■ What needs to be done ■
When the line with "二、河北衡水4050社保补贴标准及条件2025年最新消息" comes up, set it down and every later line to the end of the data, exactly and without pictures.
#####
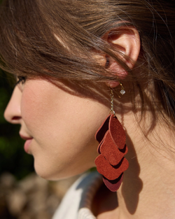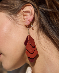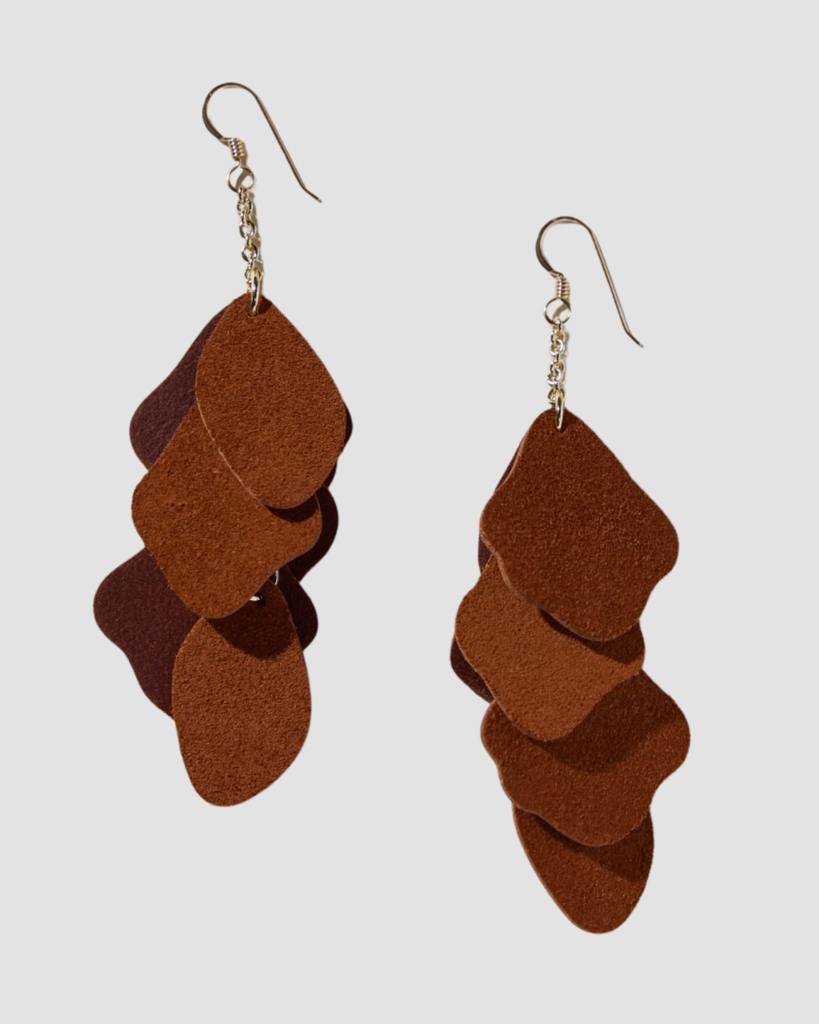 The Florence earrings feature layered lamb nappa leather paired with a gold chains, offering a soft, voluminous design with graceful movement. These versatile statement pieces effortlessly enhance your style with understated elegance.
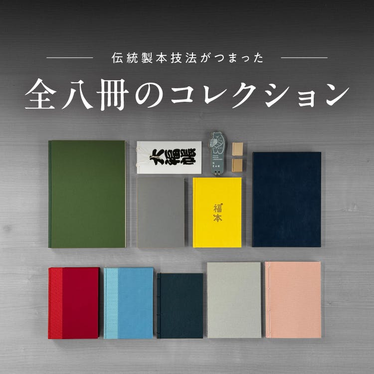 表紙の背の部分と平の部分に別の素材を使った継ぎ表紙でデザイン性に富んだ製本仕様が特徴です。
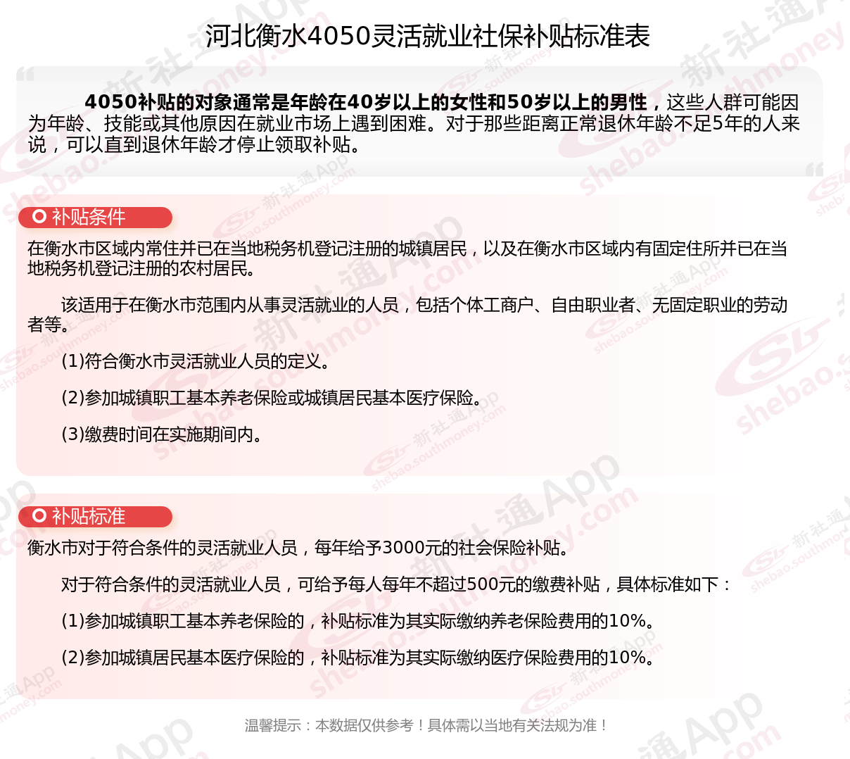 二、河北衡水4050社保补贴标准及条件2025年最新消息
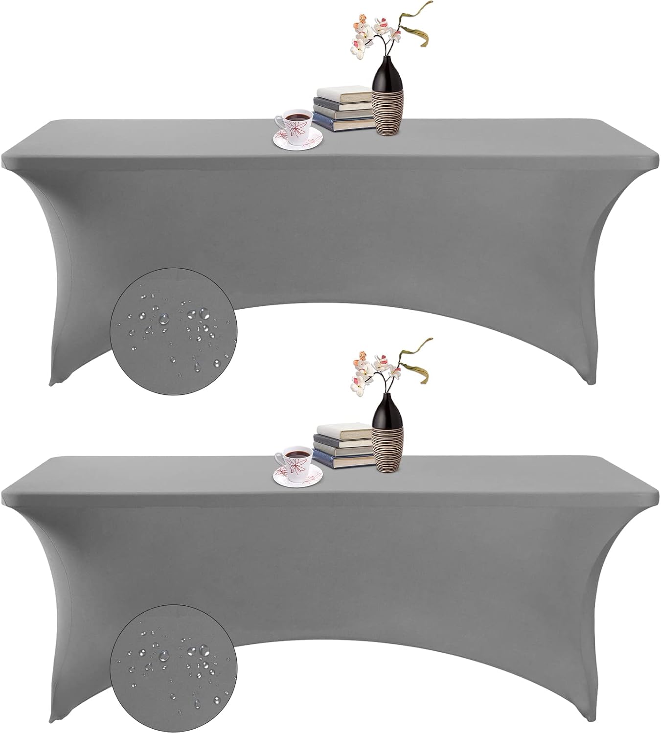 2Pack Spandex Waterproof Table Covers 8ft,Spandex 8ft Waterproof Table Cover for Party,Wedding, Banquet, and Events(Gary)
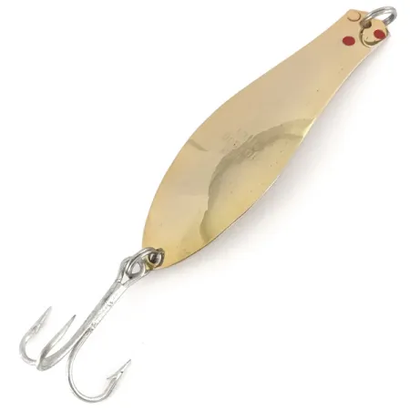 Leštěné zlacení pokrývá široký povrch této v USA vyrobené třpytky, která poskytuje vysokou viditelnost pro nahazování nebo trolling. Tato Prescott Spinner Little Doctor 275, vedená pod kódem produktu 7792, měří 9 cm (3 1/2") a váží 21 g (3/4 oz). Tři výrazné červené tečky se nacházejí na vnitřní konkávní straně poblíž očka a slouží jako jemný vizuální spouštěč často spojovaný s touto sérií. Na vnitřní straně kovu je vyražen název modelu a výrobce, což odkazuje na její klasický původ. Spolehlivé kroužky zajišťují hardware na obou koncích a drží čistý trojháček, který nevykazuje žádné známky opotřebení. Tento exemplář si zachovává vynikající vzhled, což odpovídá hodnocení stavu 5/5.
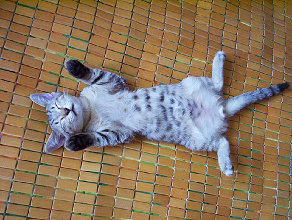 This is Duoduo, a lovely Bengal kitty who loved to snooze. He liked to sprawl out his legs and lie on his back when he napped.
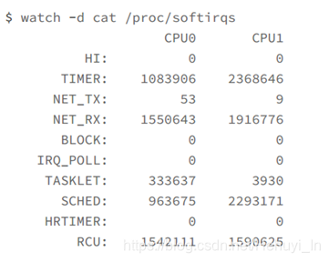- cat /proc/softirqs
#####
■ Written answer ■
 二、河北衡水4050社保补贴标准及条件2025年最新消息
 2Pack Spandex Waterproof Table Covers 8ft,Spandex 8ft Waterproof Table Cover for Party,Wedding, Banquet, and Events(Gary)
 Leštěné zlacení pokrývá široký povrch této v USA vyrobené třpytky, která poskytuje vysokou viditelnost pro nahazování nebo trolling. Tato Prescott Spinner Little Doctor 275, vedená pod kódem produktu 7792, měří 9 cm (3 1/2") a váží 21 g (3/4 oz). Tři výrazné červené tečky se nacházejí na vnitřní konkávní straně poblíž očka a slouží jako jemný vizuální spouštěč často spojovaný s touto sérií. Na vnitřní straně kovu je vyražen název modelu a výrobce, což odkazuje na její klasický původ. Spolehlivé kroužky zajišťují hardware na obou koncích a drží čistý trojháček, který nevykazuje žádné známky opotřebení. Tento exemplář si zachovává vynikající vzhled, což odpovídá hodnocení stavu 5/5.
 This is Duoduo, a lovely Bengal kitty who loved to snooze. He liked to sprawl out his legs and lie on his back when he napped.
- cat /proc/softirqs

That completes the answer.